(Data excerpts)
────────────────────────────────────────
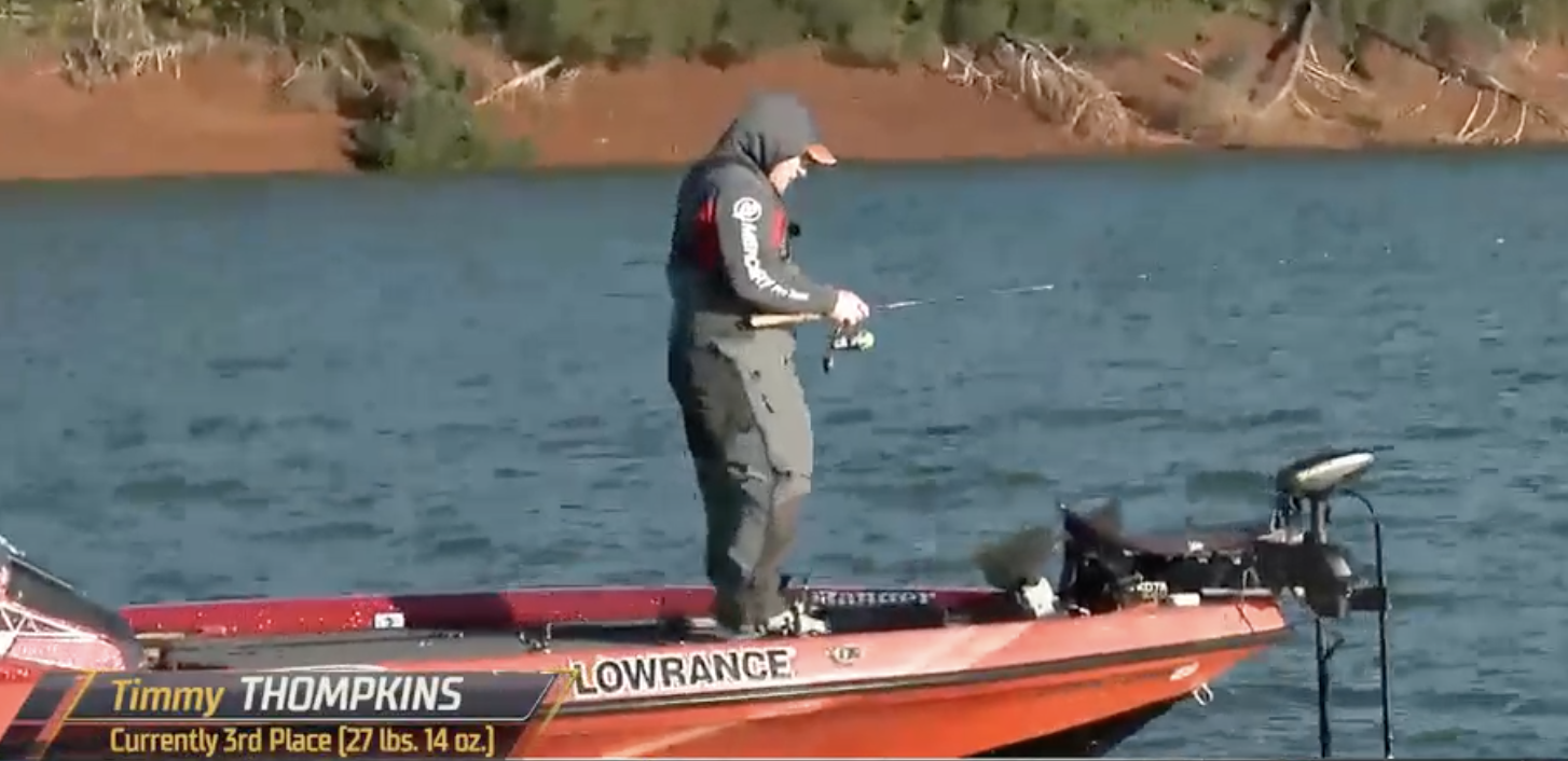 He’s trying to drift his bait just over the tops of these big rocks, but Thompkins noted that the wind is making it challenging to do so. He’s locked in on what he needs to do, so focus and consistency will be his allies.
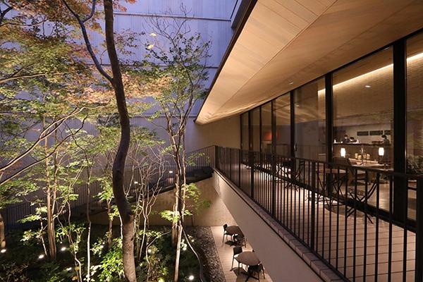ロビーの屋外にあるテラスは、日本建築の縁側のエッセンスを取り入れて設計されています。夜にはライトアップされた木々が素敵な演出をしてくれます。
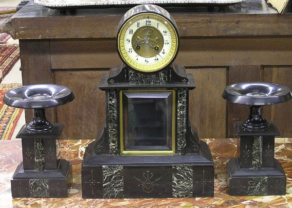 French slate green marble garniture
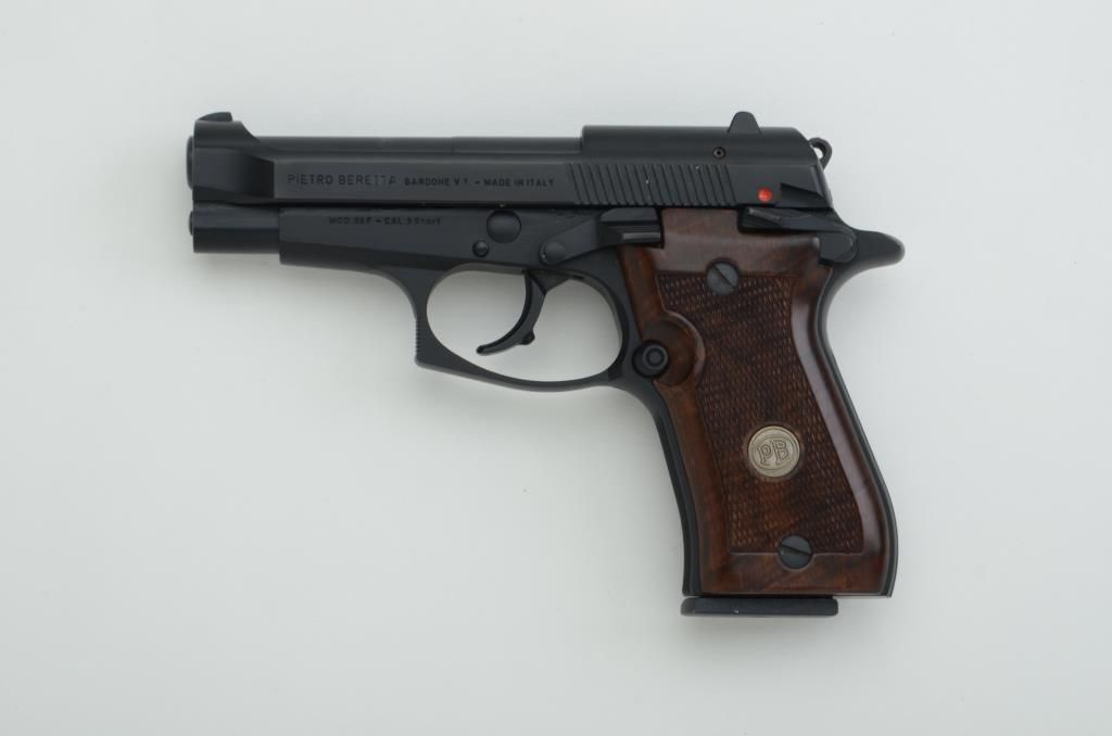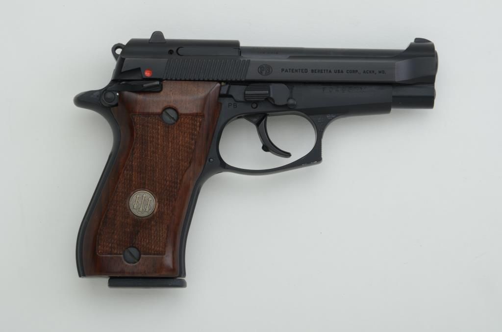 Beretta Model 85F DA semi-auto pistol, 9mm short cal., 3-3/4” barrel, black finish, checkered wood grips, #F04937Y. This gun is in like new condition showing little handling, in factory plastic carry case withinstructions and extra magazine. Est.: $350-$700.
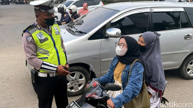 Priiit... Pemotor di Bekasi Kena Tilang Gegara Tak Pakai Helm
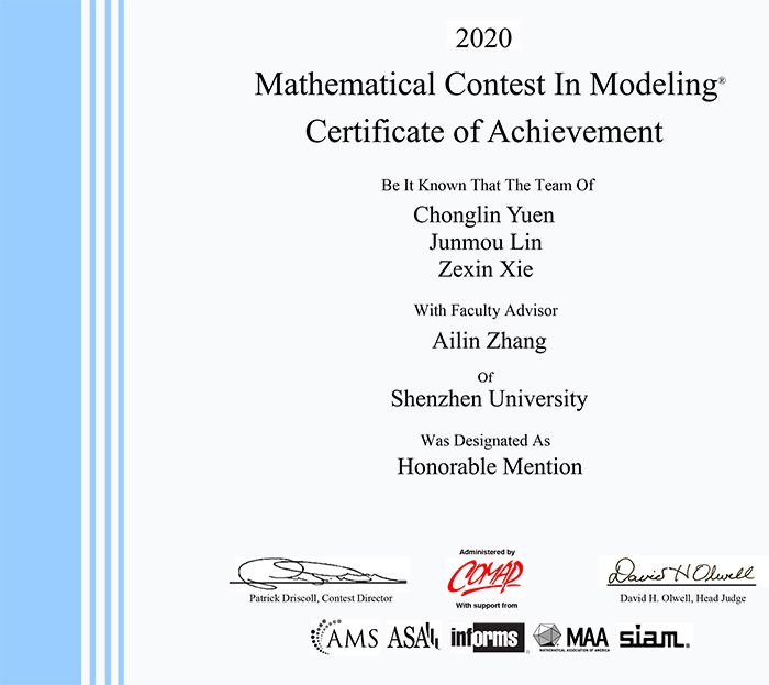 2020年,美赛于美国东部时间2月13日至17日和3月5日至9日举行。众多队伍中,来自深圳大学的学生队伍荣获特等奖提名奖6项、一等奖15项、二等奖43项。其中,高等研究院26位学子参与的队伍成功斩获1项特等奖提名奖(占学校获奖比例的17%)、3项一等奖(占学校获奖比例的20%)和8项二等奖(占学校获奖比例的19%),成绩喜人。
────────────────────────────────────────
Copy exactly the lines from the one containing "Priiit... Pemotor di" through the final line of the records above, both included, and leave out any pictures.

 Priiit... Pemotor di Bekasi Kena Tilang Gegara Tak Pakai Helm
 2020年,美赛于美国东部时间2月13日至17日和3月5日至9日举行。众多队伍中,来自深圳大学的学生队伍荣获特等奖提名奖6项、一等奖15项、二等奖43项。其中,高等研究院26位学子参与的队伍成功斩获1项特等奖提名奖(占学校获奖比例的17%)、3项一等奖(占学校获奖比例的20%)和8项二等奖(占学校获奖比例的19%),成绩喜人。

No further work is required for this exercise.